■ WHAT IS NEEDED ■
In the records that follow, find the line with "Байерн (Мюнхен) обърна"; from there, retype every line exactly through the line with "In on-premise ECC", which also belongs to the answer.

■ RECORDS TO USE ■
********
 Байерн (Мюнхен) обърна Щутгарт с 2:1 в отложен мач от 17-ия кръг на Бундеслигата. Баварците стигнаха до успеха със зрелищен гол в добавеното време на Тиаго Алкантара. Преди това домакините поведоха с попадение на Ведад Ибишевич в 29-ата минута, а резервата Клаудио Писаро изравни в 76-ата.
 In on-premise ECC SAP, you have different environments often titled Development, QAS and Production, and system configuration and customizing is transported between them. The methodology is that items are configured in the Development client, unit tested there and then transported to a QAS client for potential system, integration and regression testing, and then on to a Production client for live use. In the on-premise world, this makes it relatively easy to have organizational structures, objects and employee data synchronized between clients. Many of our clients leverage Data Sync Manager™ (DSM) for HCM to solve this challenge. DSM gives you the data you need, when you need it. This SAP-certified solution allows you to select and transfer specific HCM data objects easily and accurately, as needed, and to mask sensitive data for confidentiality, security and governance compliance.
********
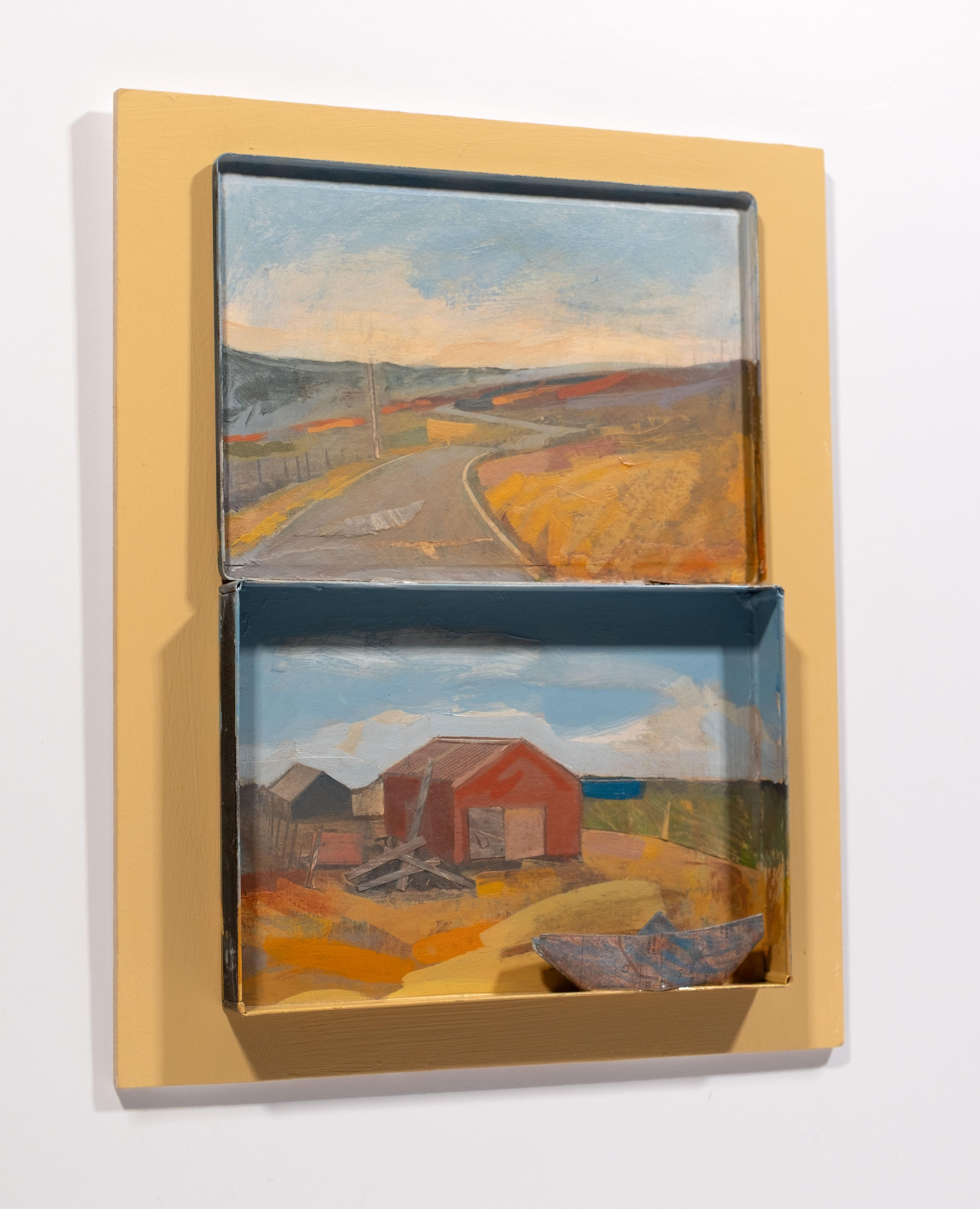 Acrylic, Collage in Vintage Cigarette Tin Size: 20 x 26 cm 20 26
********
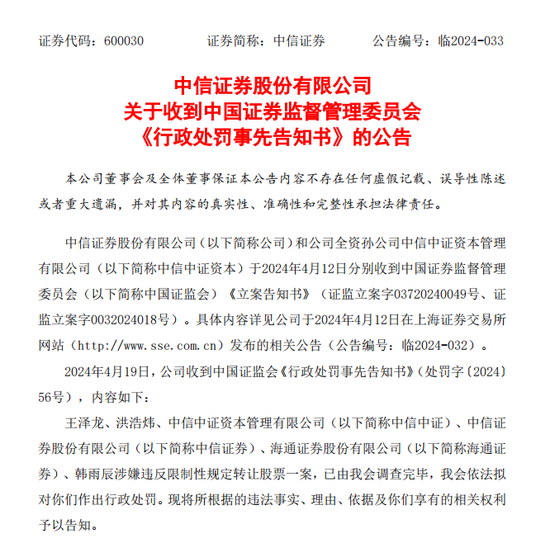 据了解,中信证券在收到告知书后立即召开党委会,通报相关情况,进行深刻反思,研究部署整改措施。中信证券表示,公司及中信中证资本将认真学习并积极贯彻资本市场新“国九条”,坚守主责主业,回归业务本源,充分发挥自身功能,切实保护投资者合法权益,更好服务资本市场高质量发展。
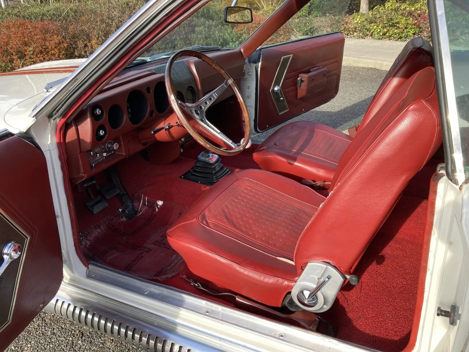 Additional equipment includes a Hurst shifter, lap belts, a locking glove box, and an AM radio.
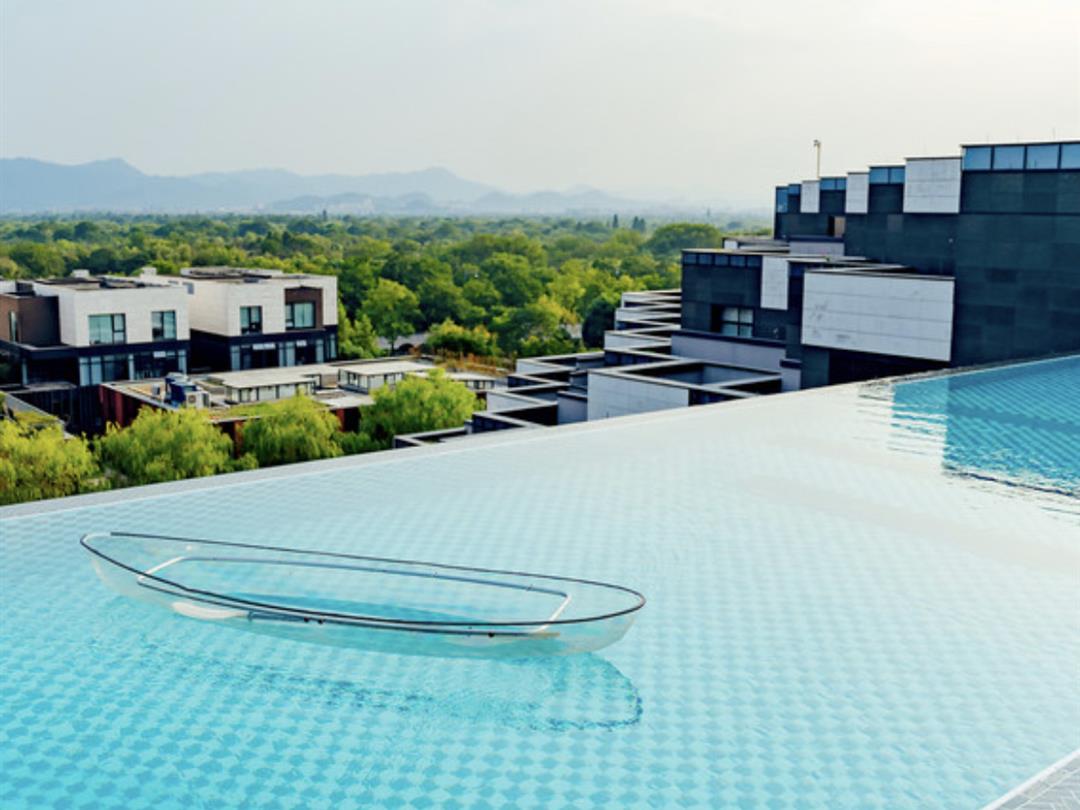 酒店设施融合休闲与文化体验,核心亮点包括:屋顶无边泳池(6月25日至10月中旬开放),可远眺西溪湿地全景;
********
■ YOUR RESPONSE ■
 Байерн (Мюнхен) обърна Щутгарт с 2:1 в отложен мач от 17-ия кръг на Бундеслигата. Баварците стигнаха до успеха със зрелищен гол в добавеното време на Тиаго Алкантара. Преди това домакините поведоха с попадение на Ведад Ибишевич в 29-ата минута, а резервата Клаудио Писаро изравни в 76-ата.
 In on-premise ECC SAP, you have different environments often titled Development, QAS and Production, and system configuration and customizing is transported between them. The methodology is that items are configured in the Development client, unit tested there and then transported to a QAS client for potential system, integration and regression testing, and then on to a Production client for live use. In the on-premise world, this makes it relatively easy to have organizational structures, objects and employee data synchronized between clients. Many of our clients leverage Data Sync Manager™ (DSM) for HCM to solve this challenge. DSM gives you the data you need, when you need it. This SAP-certified solution allows you to select and transfer specific HCM data objects easily and accurately, as needed, and to mask sensitive data for confidentiality, security and governance compliance.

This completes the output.